While the Bible may not offer us a very useful model of biblical marriage in a direct sense, it is full of stories about a God who welcomes surprising people into God’s family. Stories about heroes and heroines whose praiseworthiness lies in their promised faithfulness to another person. And stories about the God who promises to love us and to be there for us, for always.

These stories of love and promise should shape and inspire the best of our marriages. And they do. And from them we know that marriage is not really about replicating a biblical model or about tracking a couple’s genitals. It’s about honoring and supporting the love between them and the promises they make to one another. And for that reason we should muster our gifts and energy to defeat this amendment that would make human prejudice the measure of marriage. And that’s how we might effectively draw on the Bible in these conversations.
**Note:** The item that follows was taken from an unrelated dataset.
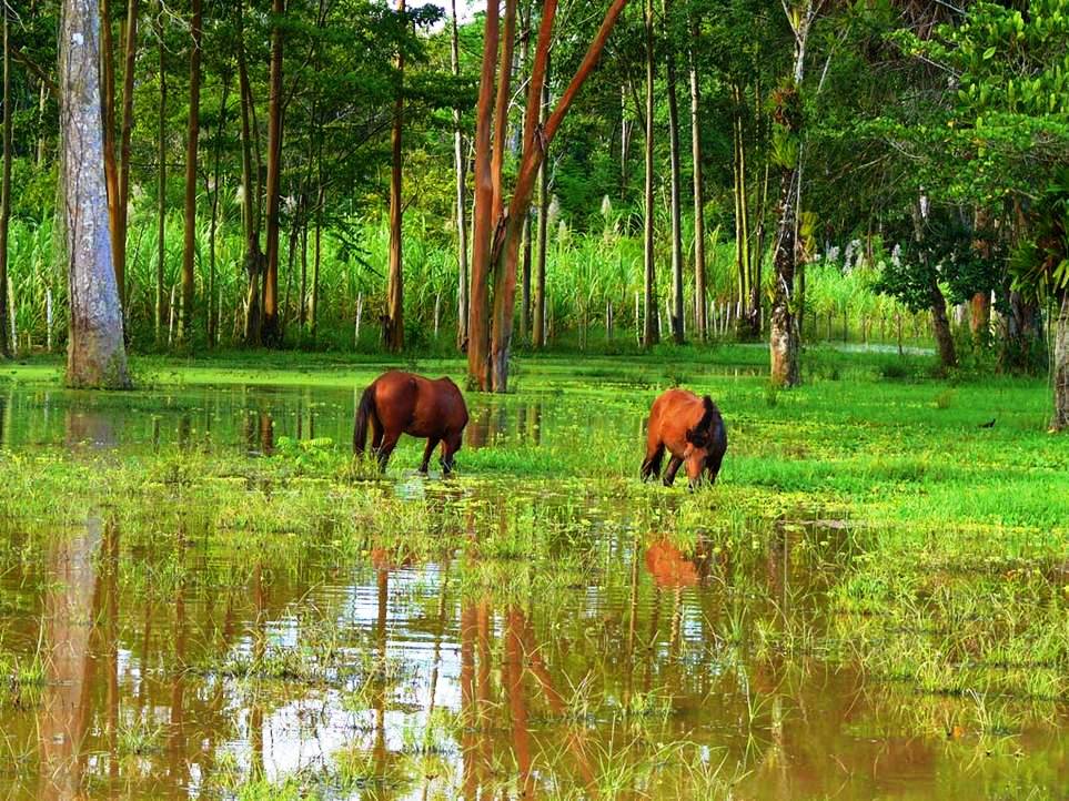 At its widest point the Amazon River can be 11km/6.8 mi wide during the dry season. The area covered by the Amazon River and its tributaries more than triples over the course of a year. In an average dry season 110,000 square km of land are water-covered, while in the wet season the flooded area of the Amazon Basin rises to 350,000 square km. When the flood plains and the Amazon River Basin flood during the rainy season the Amazon River can be up to 40km/24.8 mi wide. Where the Amazon opens at its estuary the river is over 325km/202 mi wide!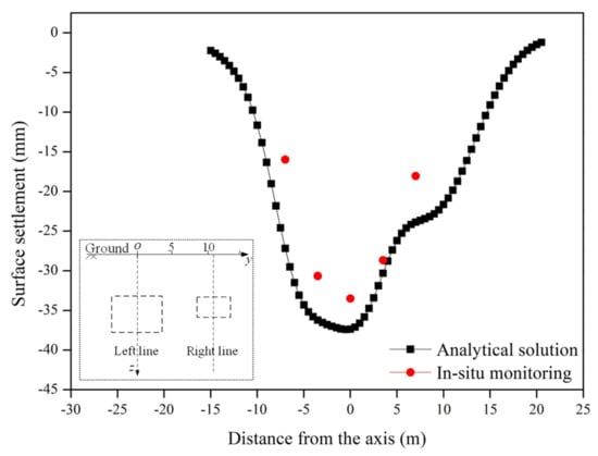 - A comparison of the numerical simulation and engineering case study showed that the proposed method can successfully predict ground surface settlement. In addition, this method can also take into account the asymmetry of the settlement curve caused by different construction sequences.

6 thoughts on “Drawing on the Bible with the Proposed Anti-Marriage Amendment

  1. Wonderful insights, David! I’m not so studied int he bible myself, and it brings me hope and courage when I realize that there are bible-based ways to refute the ideas behind this amendment. Even though my personal reasons to oppose the amendment are not particularly bible-based, those are frequently the arguments used and it’s always hard for me to refute them.

    • What about in Leviticus where it says man shall not lie with another man and if so he shall be put to death?????? The bible is clear on this. So dont cover up the truth of what Jesus told Moses in Leviticus. That is the chapter that says marriage is between a man and a woman and not any other way. Why did God make man and woman and not man and man or woman and woman. People today tend to interpret the Bible like they think it should fit their particular situation. That was not the purpose of the Bible. The Bible is Gods word. So lets dont use Gods words to make it a convenience for your or our life styles that we live. David i commend you on your efforts especially you being a straight man, but you have to realize what other chapters in the Bible clearly state the words of GOD on this topic.

      • Samuel, I doubt that anything I say can convince you otherwise, but I will offer a quick response.
        (1) Most likely the verses in Leviticus that condemn a man lying with another man have to do EITHER with a victorious male soldier raping a vanquished male soldier on the battlefield — a practice common in ancient war OR with a male temple-goer having sex with a male prostitute after making a sacrifice in a pagan temple. The ancient Israelites were well aware of both practices and had reasons to condemn them.
        (2) To claim that these verses condemn the committed love between two men or two women today is to do exactly what you warn against: it is “to interpret the Bible like [you] think it should to fit [your] particular situation.” For years the Bible was used to support both racism and sexism, because people in power (white and male) could do so. Today, straight people still tend to read the Bible as condemning homosexuality … because they can.
        (3) God made people FOR LOVE. Period. Almost all of us are right-handed, but it isn’t sinful to be left-handed. Almost all of us are straight, but it isn’t sinful to be gay. We’re called by God to LOVE. Period. You’re right, the Bible isn’t meant to be convenient. It also isn’t meant to reinforce prejudice, but far too often that’s how it is “conveniently” used. It’s meant to call us to love. If straight people love, that’s great. If right-handed people love, that’s great. If left-handed people love, that’s great. And if gay people love, that’s great, too.
        (4) Some of Jesus harshest words are aimed at people who use the Bible to oppress others. In Matthew 12:7 he says to the Pharisees, “If you had known what this means, ‘I (God) desire mercy, and not sacrifice,’ you would not have condemned the guiltless.” In Matthew 23, he condemns the Pharisees for “binding heavy burdens” on others that they don’t bear themselves, for making “the kingdom of heaven” impossible to reach because they “tithe mint and dill and cummin” (focus on the details) but “neglect justice and mercy.”
        (5) The story of God in the Bible is the story of a God who AGAIN AND AGAIN AND AGAIN loves people who seem inconvenient to our lifestyles, by which we would prefer everyone to be just like us. I don’t read the Bible for my convenience. I read it as a call to love everyone and to honor everyone who loves faithfully. That’s not particularly convenient for me. But it is what the Bible asks me to do.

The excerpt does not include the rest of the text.